04 février 2016 ~ 0 Commentaire

Le Fiasco du Labrador – Margaret Atwood

Même si les dernières nouvelles de ce recueil ne semblent pas se rattacher directement à celles qui précèdent, cette série de textes, présentée comme une collection de tableaux vivants, évoque bien des tranches d’une vie qui serait peut-être celle de l’auteur ou du moins celle que l’auteur aurait pu avoir. Des tableaux qui découvriraient peu à peu l’existence d’une fille coincée entre une mère qui aurait vieilli trop vite et une sœur qui serait née trop tard, avant de se réfugier dans le fond de la cambrousse, sous le regard goguenard des péquenauds du coin, à jouer les apprenties fermières avec le mari de sa meilleure amie qui aurait préféré la suivre plutôt que de vivre avec son épouse, avant de s’achever dans l’évocation de la vieillesse et de la mort.

La vie d’une femme de la deuxième moitié du vingtième siècle qui pourrait être considérée comme une allégorie de la population canadienne possédant encore quelques uns des gènes des pionniers qui ont construit le pays, mais qui sombrerait doucement dans une certaine forme de décadence évoquant la langueur et le renoncement qui prévalaient dans les mouvements hippie des années soixante-dix.

Un recueil de nouvelles qui prendrait la forme d’un roman sous l’œil perçant de Margaret Atwood qui a le don de l’observation des gens, de leur environnement, de leurs sentiments, de leurs émotions et de leur comportement dans une société délétère où les familles se défont, se recomposent, mal, où les mœurs se dégradent, oubliant les vertus des pionniers mais banalisant certaines déviances comme l’usage de la drogue.

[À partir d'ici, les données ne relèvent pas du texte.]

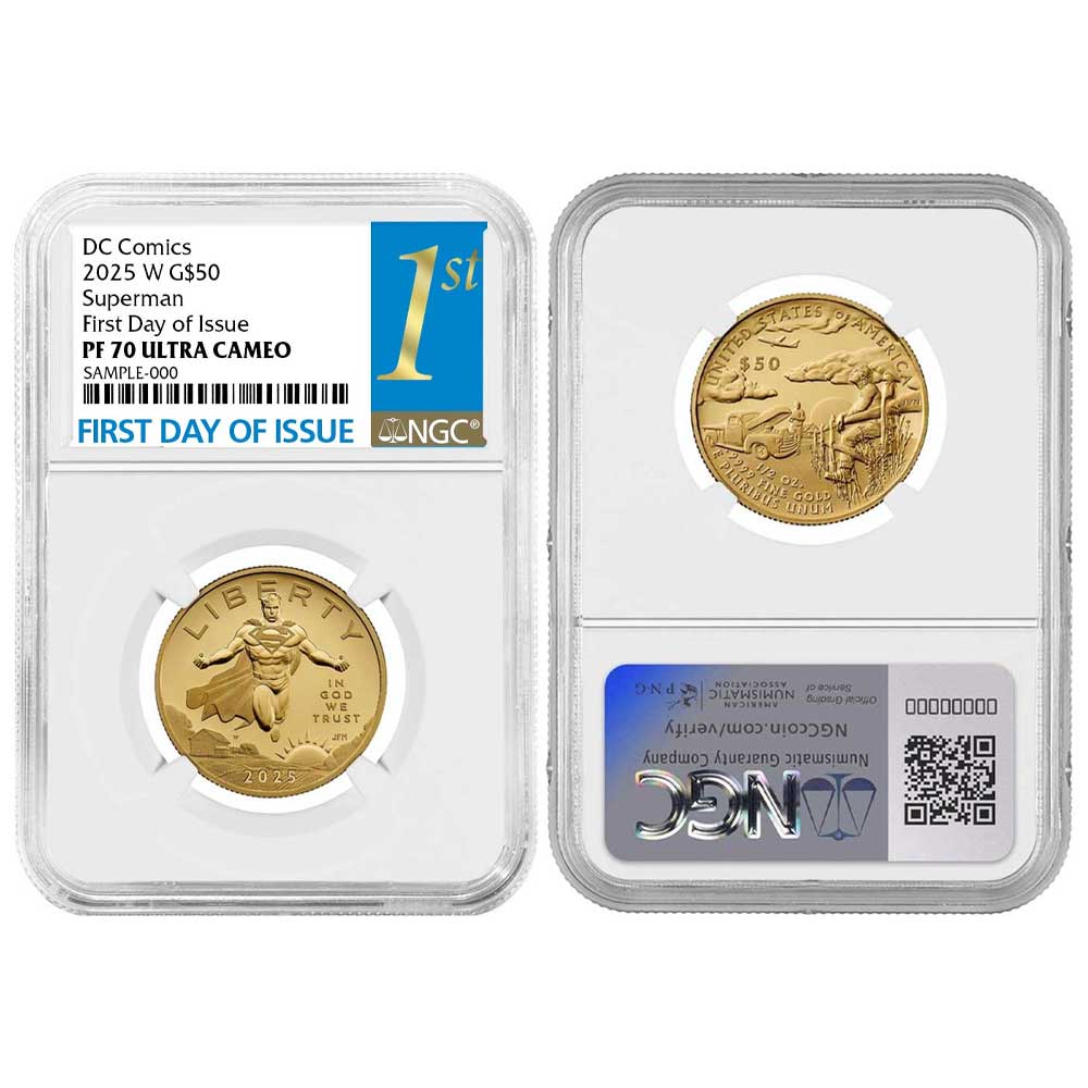 2025-W Proof $50 Superman DC Comics 1/2 oz Gold Coin NGC PF70UC FDI First Label

Un recueil qui décortique tous les passages importants d’une vie : l’enfance, l’adolescence et le passage à l’âge adulte, les premiers émois de la chair, la formation et la décomposition des ménages, l’entrée dans la dépendance et la fin de la vie. Un regard qui embrasserait l’ensemble d’une existence et des rites de transition entre les différents âges dans une société décadente qui aurait oublié ses valeurs et ses fondements. Un peuple de pionniers à l’arrêt qui se ramollirait progressivement et inéluctablement.

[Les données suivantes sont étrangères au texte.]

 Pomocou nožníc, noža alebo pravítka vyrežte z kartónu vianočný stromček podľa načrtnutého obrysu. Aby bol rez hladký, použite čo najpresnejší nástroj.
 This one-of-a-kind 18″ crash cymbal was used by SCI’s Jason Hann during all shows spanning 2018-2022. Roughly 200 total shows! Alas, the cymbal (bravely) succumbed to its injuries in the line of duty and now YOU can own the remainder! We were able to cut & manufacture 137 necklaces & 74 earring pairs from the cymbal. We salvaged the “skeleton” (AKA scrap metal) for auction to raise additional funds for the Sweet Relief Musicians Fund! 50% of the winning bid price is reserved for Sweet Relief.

Un projet ambitieux qui m’a vite intéressé et qui m’a même, à un certain moment, emballé mais, hélas, le rythme a rapidement baissé, le texte s’est essoufflé, et ma lecture est, elle, devenue plus laborieuse, moins passionnée, même si le style de l’auteur et la judicieuse construction du recueil ne sont nullement en cause. C’est simplement le projet littéraire que j’avais cru deviner au départ qui s’est évanoui peu à peu, avant même la moitié du livre, pour disparaître totalement, ou presque, dans les dernières nouvelles. Mais c’est peut-être moi qui me suis égaré au milieu de ses textes, dommage j’aimais bien l’idée que j’avais forgée au début de cette lecture.